■ Assignment
Your answer must be a word-for-word copy of the listing, with all pictures excluded.

■ Given data
········
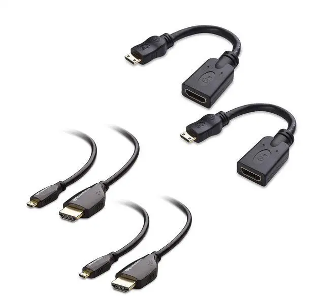 Connect mini and micro HDMI devices with the Cable Matters HDMI bundle, which includes a 2-pack of Mini HDMI to HDMI adapters, and a 2-pack of Micro HDMI to HDMI cables
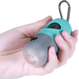 Nie wieder vergessene Hundekotbeutel auf Spaziergängen! Dieser Spender lässt sich einfach mit dem Karabinerhaken an der Leine befestigen und gibt die Beutel mühelos ab. Für nächtliche Spaziergänge, inkl. 3LR44-Batterien und eine energiesparende LED-Lampe (Ein- und Ausschalttaste). Eine Rolle mit 15 Kotbeuteln 320x220mm ist im Lieferumfang enthalten. Spritzwassergeschützt. Schraubverschluss.
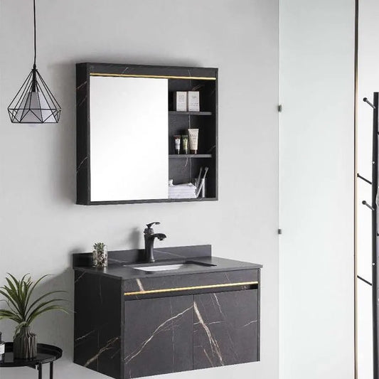 Zestaw szafek łazienkowych z lustrem LED i podwieszaną szafką pod umywalkę, 60x70 cm, czarno-biały, nowoczesny, minimalistyczny design
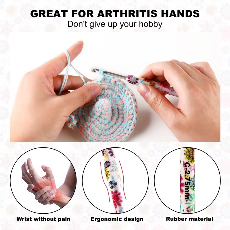 - 🧶 Crochet Hooks Set with Comfortable Handles: Crochet hooks with ergonomic, soft-grip handles can reduce or eliminate hand, wrist, or finger pain. They are perfect for arthritic hands. The comfortable rubber handle provides a nice, firm grip so you can crochet longer without discomfort
········
■ Exercise solution
 Connect mini and micro HDMI devices with the Cable Matters HDMI bundle, which includes a 2-pack of Mini HDMI to HDMI adapters, and a 2-pack of Micro HDMI to HDMI cables
 Nie wieder vergessene Hundekotbeutel auf Spaziergängen! Dieser Spender lässt sich einfach mit dem Karabinerhaken an der Leine befestigen und gibt die Beutel mühelos ab. Für nächtliche Spaziergänge, inkl. 3LR44-Batterien und eine energiesparende LED-Lampe (Ein- und Ausschalttaste). Eine Rolle mit 15 Kotbeuteln 320x220mm ist im Lieferumfang enthalten. Spritzwassergeschützt. Schraubverschluss.
 Zestaw szafek łazienkowych z lustrem LED i podwieszaną szafką pod umywalkę, 60x70 cm, czarno-biały, nowoczesny, minimalistyczny design
 - 🧶 Crochet Hooks Set with Comfortable Handles: Crochet hooks with ergonomic, soft-grip handles can reduce or eliminate hand, wrist, or finger pain. They are perfect for arthritic hands. The comfortable rubber handle provides a nice, firm grip so you can crochet longer without discomfort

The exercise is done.